Came across a very odd issue lately where guests on one of our ESX4 hosts were periodically loosing network connectivity very briefly – maybe 10 ICMP packets every half hour or hour.
After much debugging on the network side, thinking that perhaps there was a misconfigured NIC with the wrong VLAN config, the problem was still happening.
So ssh’ing onto the host, I started to trawl through the log files, and came across the below in the /var/log/vmkwarning file:
Feb 17 13:44:19 vminfraboxvmkernel: 18:00:00:11.865 cpu4:4222)WARNING: NMP: nmp_DeviceAttemptFailover: Retry world failover device “naa.6090a028004f243d08ab44c26687e3dd” – issuing command 0x410002074040
Feb 17 13:44:19 vminfrabox vmkernel: 18:00:00:11.865 cpu4:4222)WARNING: NMP: nmp_DeviceAttemptFailover: Retry world failover device “naa.6090a028004f243d08ab44c26687e3dd” – failed to issue command due to Not found (APD), try again…

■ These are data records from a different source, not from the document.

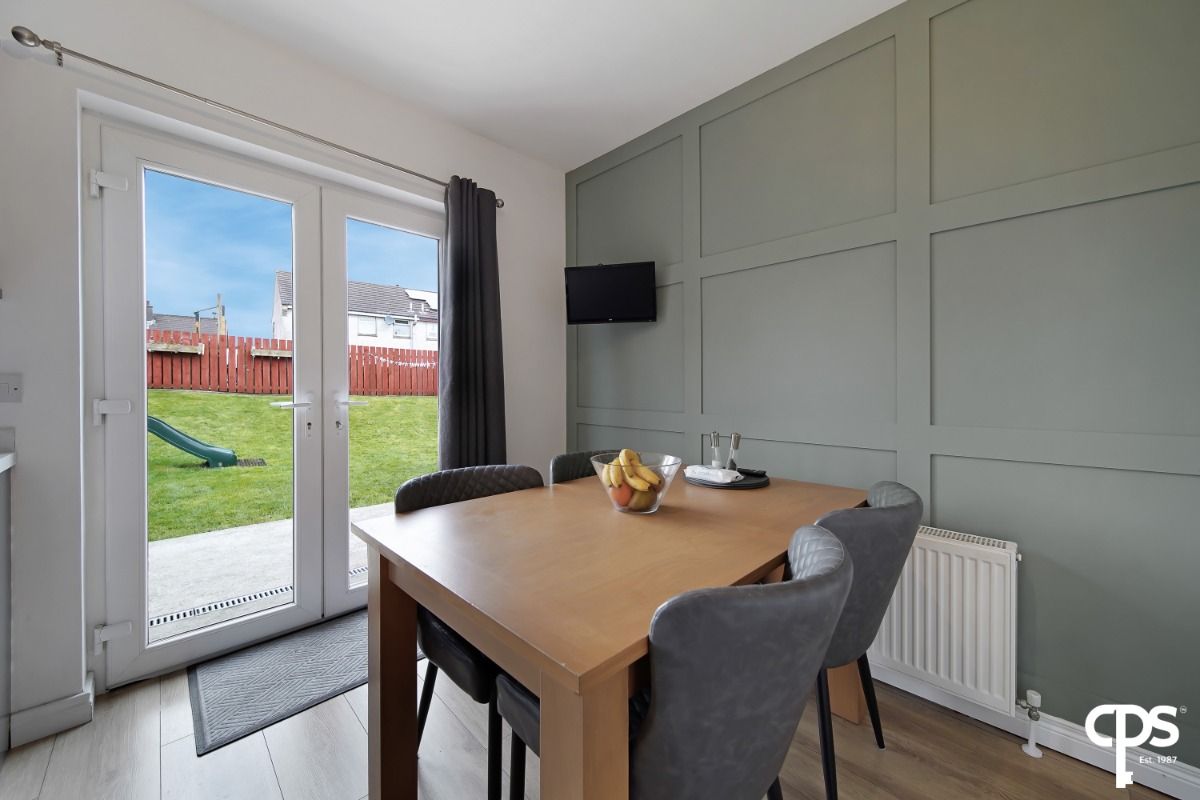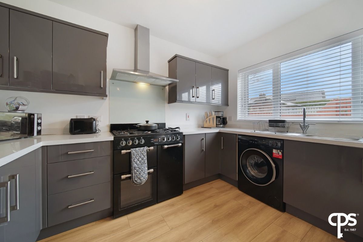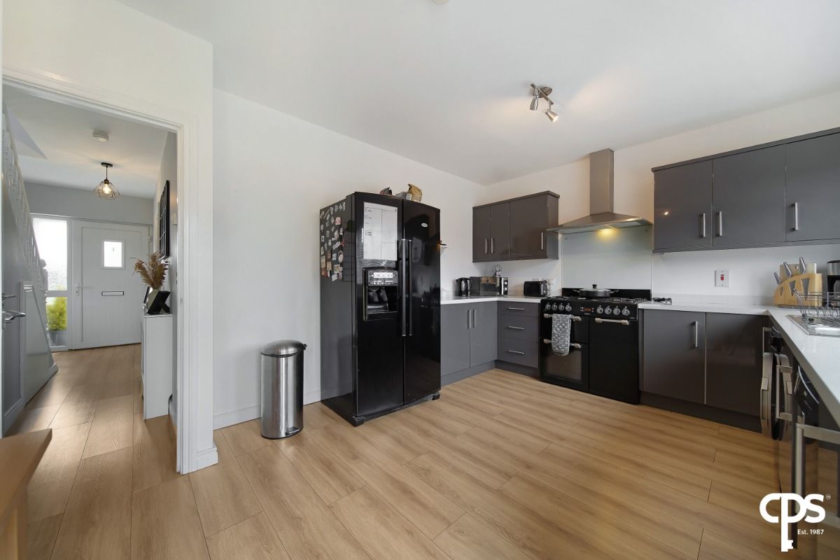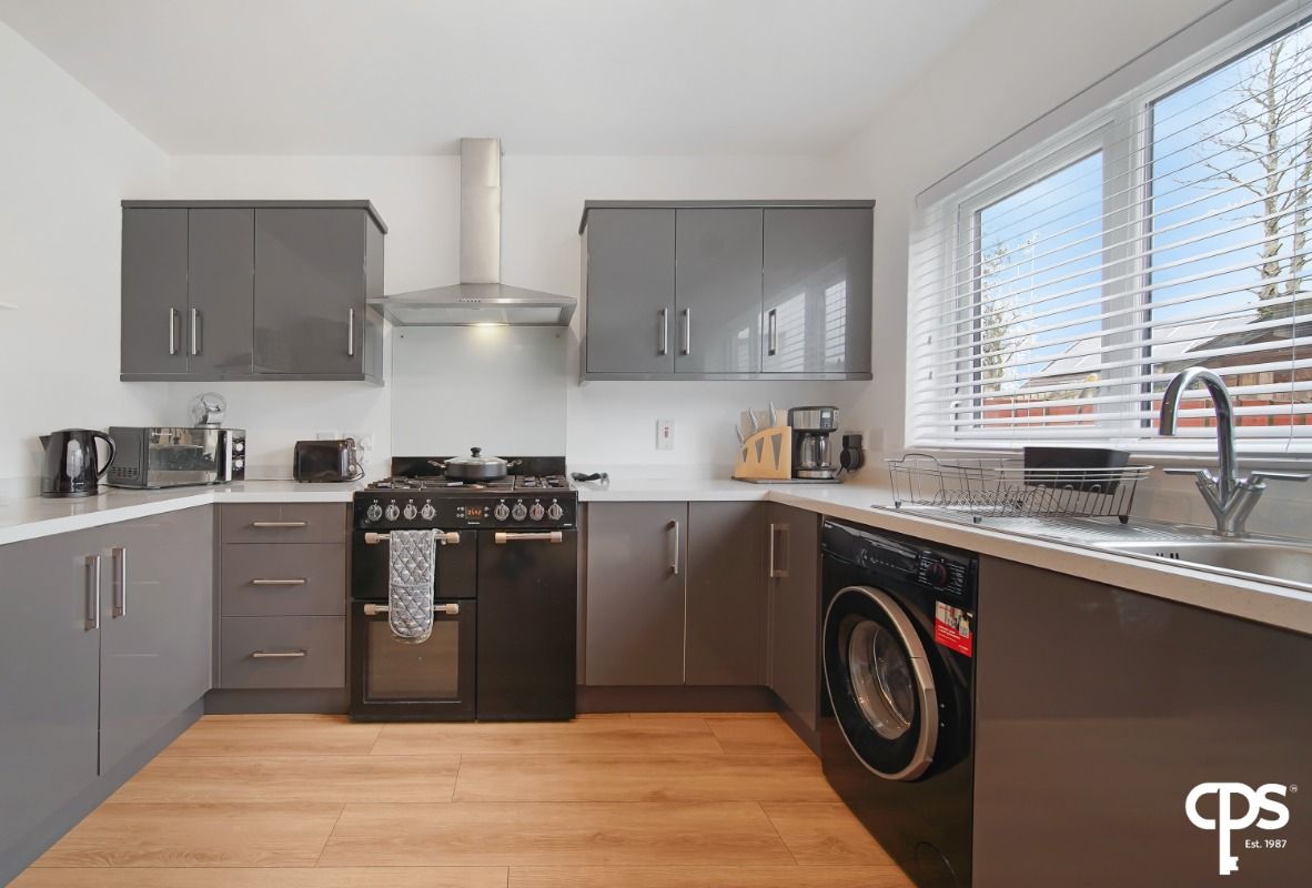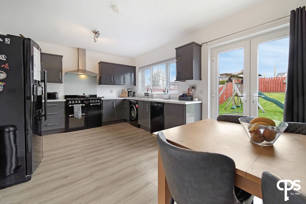Kitchen/Dining 5.7m x 3.4m - matching laminate floor covering, attractive range of high gloss eye and low level units, 5 ring Cookmaster range style hob and oven combined, stainless steel extractor hood over, plumbed for automatic washing machine, plumbed for dishwasher, stainless steel sink unit with mixer taps, feature panelling to one wall, patio doors to rear garden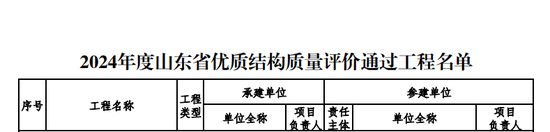 2024年度山东省优质结构质量评价通过工程名单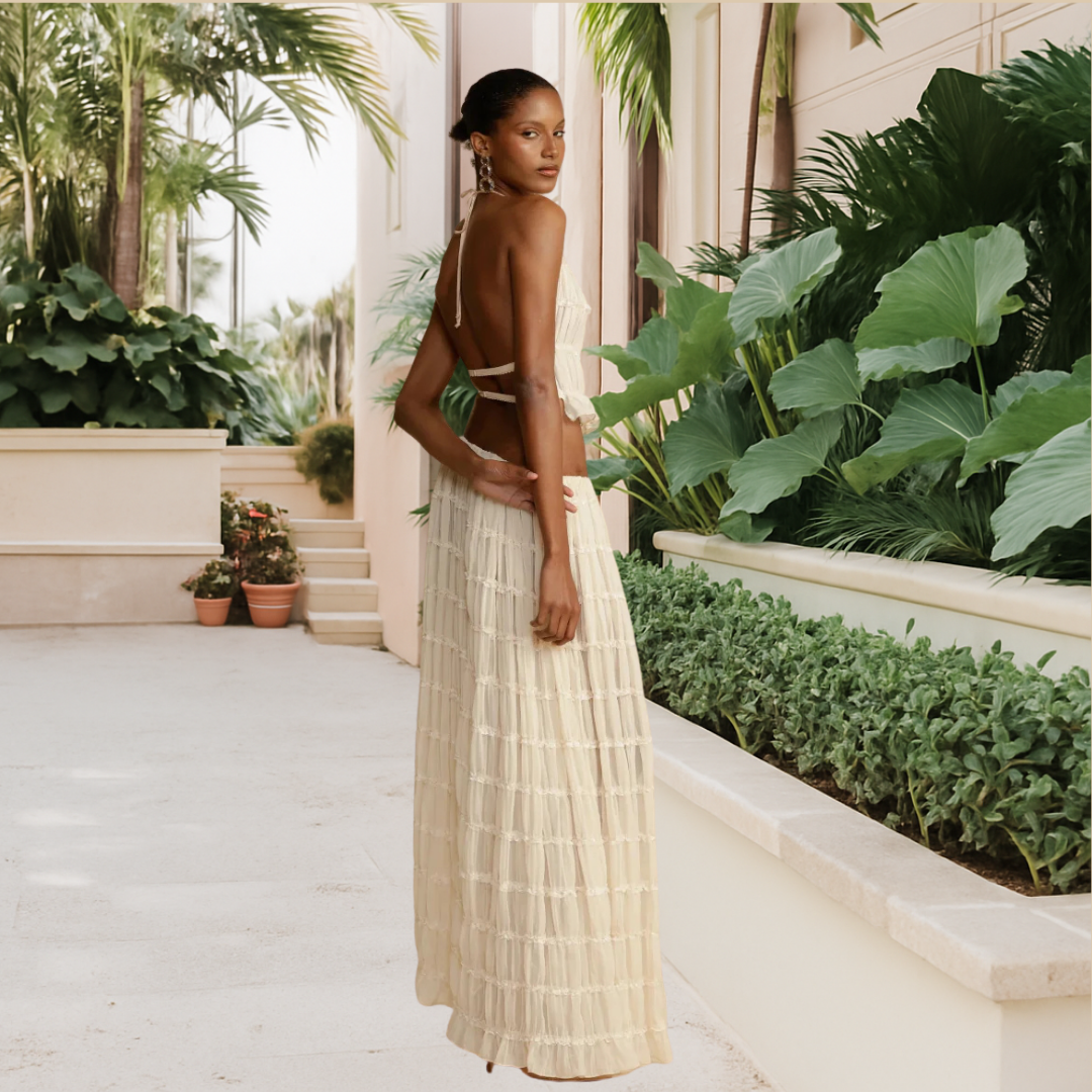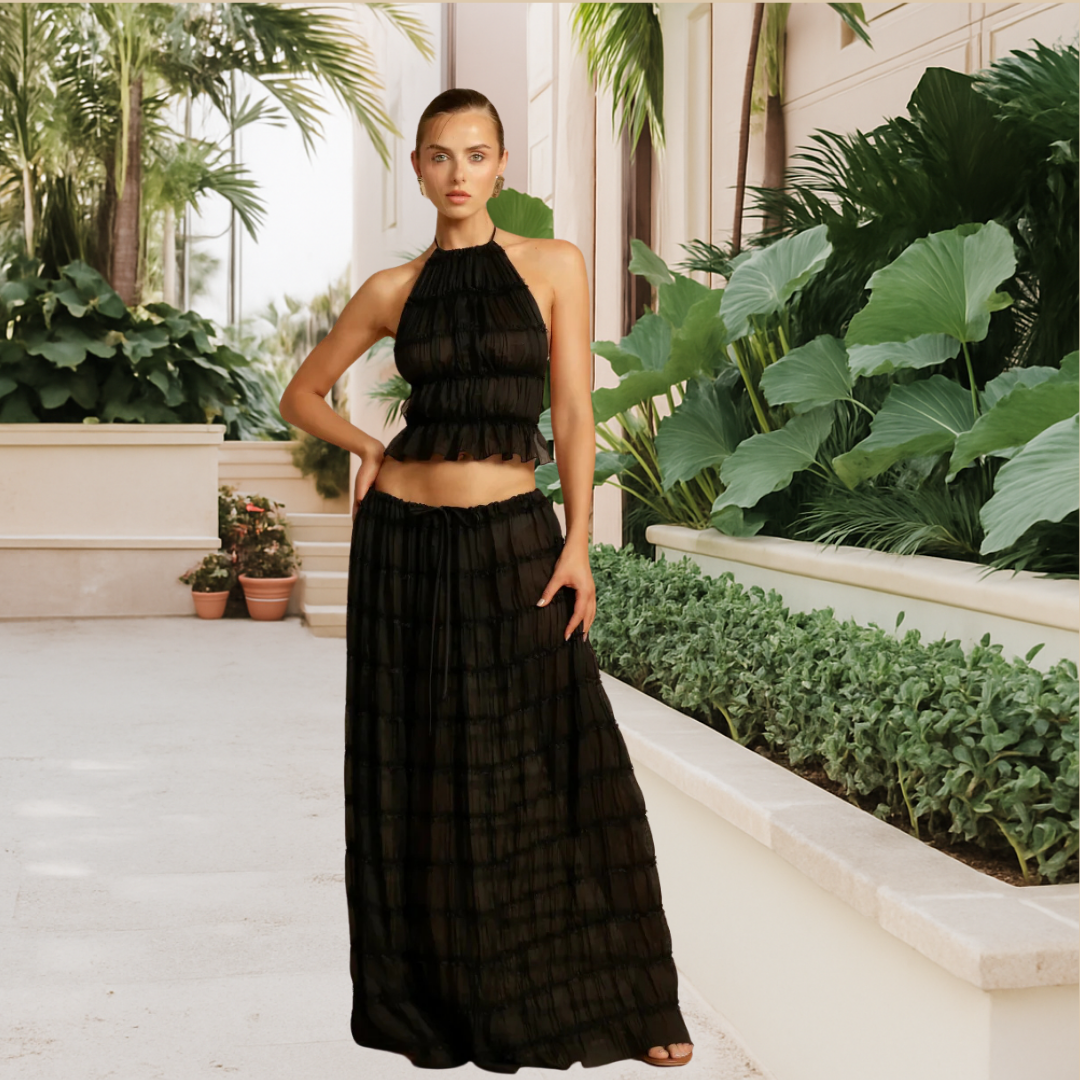 Un haut féminin accompagné d’une jupe vaporeuse et douce.

Feb 17 13:44:19 vminfrabox vmkernel: 18:00:00:11.865 cpu4:4222)WARNING: NMP: nmp_DeviceAttemptFailover: Logical device “naa.6090a028004f243d08ab44c26687e3dd”: awaiting fast path state update…
This was occuring repeatedly every half hour and the entries above filled the logs solidly for about 2 minutes continuously every half an hour.
After doing some digging on the google, I found out that ESX4 has a bug whereby if you have a duff or old connection to an iSCSI LUN – perhaps one that no longer exists – but you never rescanned to remove it – when the host tries to check the paths every 30 minutes, it finds this duff connection and goes through the motions of trying to find failover paths. The bug is that this causes very brief network loss to your guests.
The fix for me was to simply re-scan my adapter, which removed the old mapping to one of our removed LUNS’s and the problem went away.